### WHAT IS BEING ASKED
Find the line with "Также сделал тестирование" in the records below. Output exactly from there until after the line with "We made these", without pictures.

### THE DATA
== Segment start ==
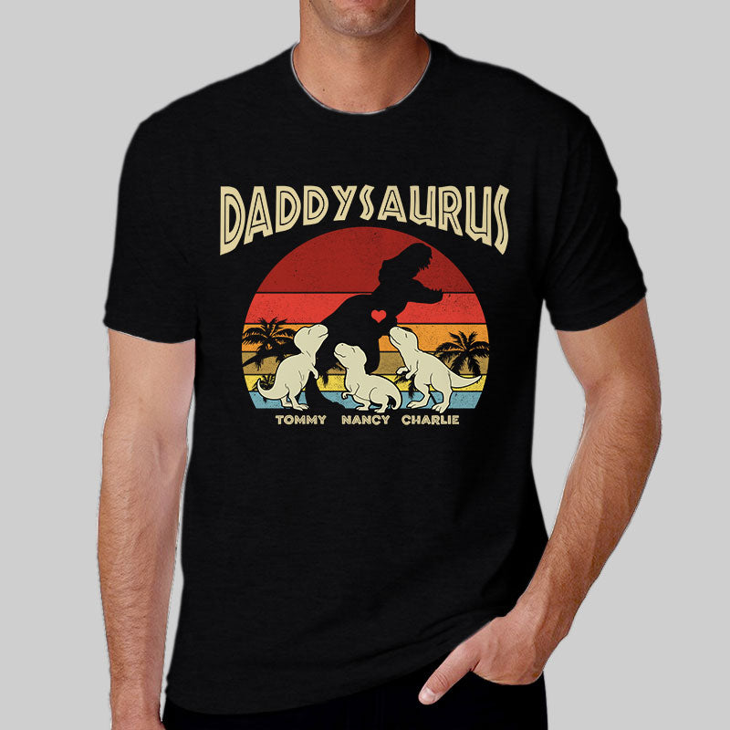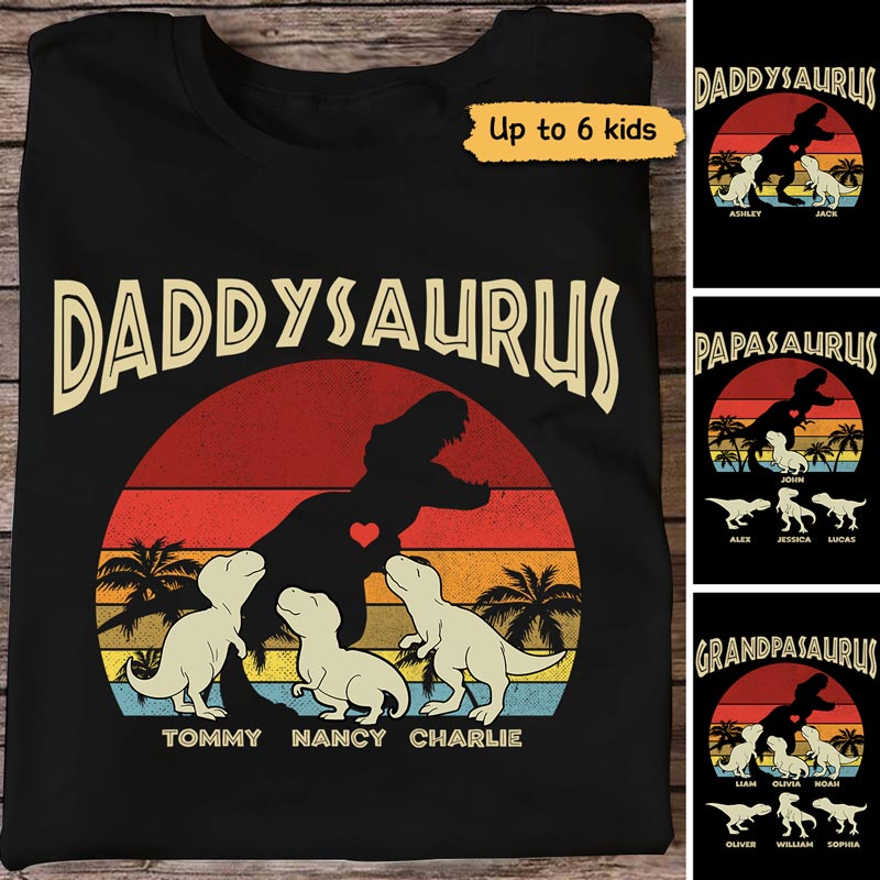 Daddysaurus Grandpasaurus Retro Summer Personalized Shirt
== Segment end ==
== Segment start ==
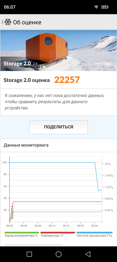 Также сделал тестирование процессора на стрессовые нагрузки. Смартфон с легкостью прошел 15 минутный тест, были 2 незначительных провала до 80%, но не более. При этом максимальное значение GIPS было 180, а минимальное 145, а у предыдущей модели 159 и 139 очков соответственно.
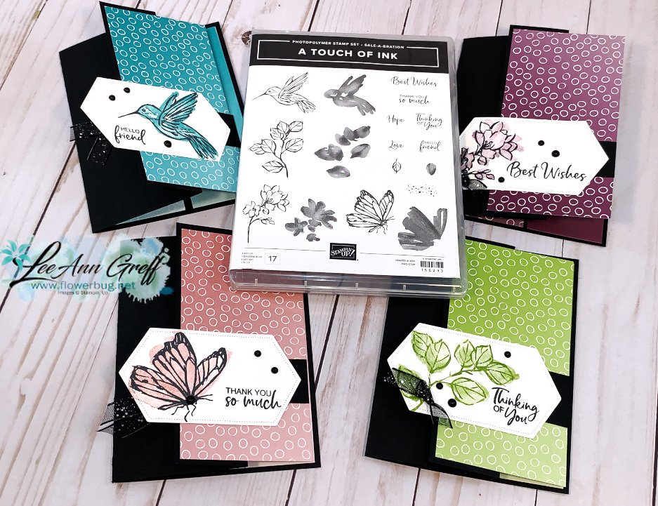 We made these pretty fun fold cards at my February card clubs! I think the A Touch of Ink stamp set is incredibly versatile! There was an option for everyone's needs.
== Segment end ==
### EXERCISE OUTPUT
 Также сделал тестирование процессора на стрессовые нагрузки. Смартфон с легкостью прошел 15 минутный тест, были 2 незначительных провала до 80%, но не более. При этом максимальное значение GIPS было 180, а минимальное 145, а у предыдущей модели 159 и 139 очков соответственно.
 We made these pretty fun fold cards at my February card clubs! I think the A Touch of Ink stamp set is incredibly versatile! There was an option for everyone's needs.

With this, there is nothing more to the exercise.